For just over a week, Mount Etna, one of Europe’s most active volcanoes, has been spewing circular, mostly white smoke rings into the skies over Sicily.
It’s not the first time Mount Etna has enchanted onlookers with its puffing (it’s been dubbed the Gandalf of volcanoes, after the pipe-puffing wizard in “Lord of the Rings.”) But experts there say this month Etna “has broken all previous records” with the frequency of the rings, according to Boris Behncke, a volcanologist at the National Institute of Geophysics and Volcanology of Catania, who posted about the phenomenon on Facebook.
The rings, known as volcanic vortex rings, appeared earlier this month after a small vent opened on the northwest border of the Southeast crater. The phenomenon occurs when enough pressure builds up so that magma inside the crater propels condensed gases, predominantly water vapor, through the vent.

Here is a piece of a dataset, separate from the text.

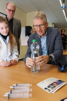 Was in dem Labor alles möglich ist, konnte man bei der Einweihung eindrucksvoll beobachten. Nach der Begrüßung durch den Schulleiter und Grußworte von Landrat Lauer und Bürgermeister Berg gab Professor Peschel den Gästen einen spannenden Einblick in das Konzept des GOFEX – zuerst mit einer theoretischen Präsentation, dann mit einem anschließenden praktischen Teil. Nicht nur der Landrat, sondern vor allem die anwesenden Schülerinnen und Schüler hatten hier ihren Spaß am Experimentieren, Beobachten und Entdecken, am Rätseln und am Erklärungen suchen – und bestimmt auch ein bisschen am Spielen mit Wasser. Beim Experiment des „Kartesischen Tauchers“ (auch „Flaschenteufel“ genannt) ging es um die Beobachtung, dass Flüssigkeiten nicht komprimierbar sind, Gase hingegen schon. Für dieses Experiment füllt man eine Plastikflasche voll Wasser und steckt einen kleinen, mit Luft gefüllten Gegenstand hinein und verschließt die Flasche. Drückt man auf die Mitte der Flasche, lässt sich beobachten, dass der Gegenstand nach unten auf den Flaschenboden sinkt. Lässt man die Flasche los, steigt der Gegenstand wieder nach oben. Im Anschluss an das Experiment ging man dazu noch in eine gemeinsame Reflexion.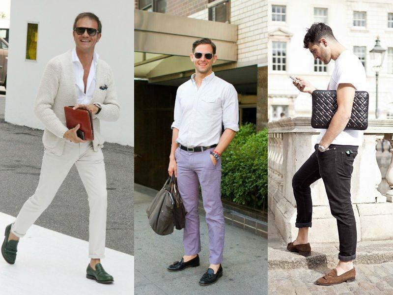 В непринужденной обстановке хорошая пара мужских мокасин может заменить любые ботинки и добавить изюминку в ваш образ. Однако, в отличие от классических мужских туфель, мокасины можно носить без носков. Лоферы можно носить с джинсами или чиносами, но некоторые мужчины могут носить их и с шортами.

In this case, the vent is perfectly circular, making for particularly perfect rings. “It is bellissimo,” said Simona Scollo, another volcanologist at the INGV Etna Observatory in Catania, using the Italian word for beautiful. Ms. Scollo copublished a study on the dynamics of volcanic vortex rings last year in the journal Scientific Reports.
But, she said, the activity does not mean that Mount Etna is going to erupt in a particularly spectacular way. “No, no, no,” she said.
During a telephone interview Tuesday, she said that the mechanism for the smoke rings was similar to how dolphins blow bubble rings. “They compress the water in their mouths, and using their tongue they push it out of their mouths and create such a pressure that it forms a ring,” she said.
Depending on weather conditions, the rings hang in the air anywhere from one to 10 minutes, according to the study. “If there is turbulence they fall apart more quickly,” she said.
Interviewed in The New York Times last year, Ms. Scollo said the study hoped to better understand how volcanoes functioned, “not only when they create a disaster for people or when they are very dangerous,” but in calmer times, too.
The new vent in the volcano has been spewing hundreds of rings, but another opening on the volcano has also been spewing rings, albeit more spaced out, since last year.
The phenomenon was first recorded on Etna in 1724, followed by periodic sightings, most recently last year, and quite spectacularly in 2000.
According to the description for its 2013 inscription as a UNESCO World Heritage site, Mount Etna is “the highest Mediterranean island mountain and the most active stratovolcano in the world.”
“No volcano on earth produces as many volcanic vortex rings as Etna, we knew this for some time,” noted Mr. Behncke.
Mount Etna isn’t the only volcano where the phenomenon has been registered. Volcanic vortex rings have been puffed by a number of volcanoes worldwide, from Momotombo in Nicaragua to ash-spewing plane stopper Eyjafjallajökul in Iceland, to Mount Redoubt in Alaska to another active Italian volcano, Stromboli.
Ms. Scollo said that the activity from the new vent was slowing down. And it could end altogether.
“It can stop because the properties of the conduit that allowed for the formation of these volcanic vortex rings can change, maybe with obstructions,” she said. Or the amount of gas within the conduit could decrease, she added.